Alpha-wolves and Alpha-mammals: Exploring Dictionary Attacks on Iris Recognition Systems
This exposes a security flaw in biometric systems, potentially compromising identity verification for users, and is an incremental attack method building on known dictionary attack concepts.
The paper identified a vulnerability in iris recognition systems where mixing IrisCodes using bitwise operators creates 'alpha-mixtures' that significantly increase false matches, with an alpha-wolf matching up to 71 identities at FMR=0.001% and an alpha-mammal matching up to 133 identities at FMR=0.01% on the IITD dataset.
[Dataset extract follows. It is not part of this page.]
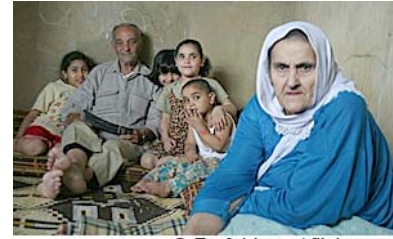
Displaced Palestinian family

Bedouin tribal confederations ( saffs ), another significant social force in the Palestinian Territories, are more common in rural areas. The Bedouins, once nomadic herdsman from the harsh climate of the Negev, were forced into a sedentary lifestyle through resettlement at the hands of the Israel Defense Forces (IDF) in the 1950s and 1960s. Some Bedouin tribes, including the Ahyawat and Tiyaha, had migrated earlier to Egypt's Sinai Peninsula to escape the Arab-Israeli War and the resettlement programs. 302 Other Bedouin, including the Tarabin and Azazmeh, were resettled in Israel proper. 303, 304 The Jahalin and other smaller groups were relocated to the West Bank, near the main encampments of Ma'ale Adumim and Khan al-Ahmar. 305

A dictionary attack in a biometric system entails the use of a small number of strategically generated images or templates to successfully match with a large number of identities, thereby compromising security. We focus on dictionary attacks at the template level, specifically the IrisCodes used in iris recognition systems. We present an hitherto unknown vulnerability wherein we mix IrisCodes using simple bitwise operators to generate alpha-mixtures - alpha-wolves (combining a set of "wolf" samples) and alpha-mammals (combining a set of users selected via search optimization) that increase false matches. We evaluate this vulnerability using the IITD, CASIA-IrisV4-Thousand and Synthetic datasets, and observe that an alpha-wolf (from two wolves) can match upto 71 identities @FMR=0.001%, while an alpha-mammal (from two identities) can match upto 133 other identities @FMR=0.01% on the IITD dataset.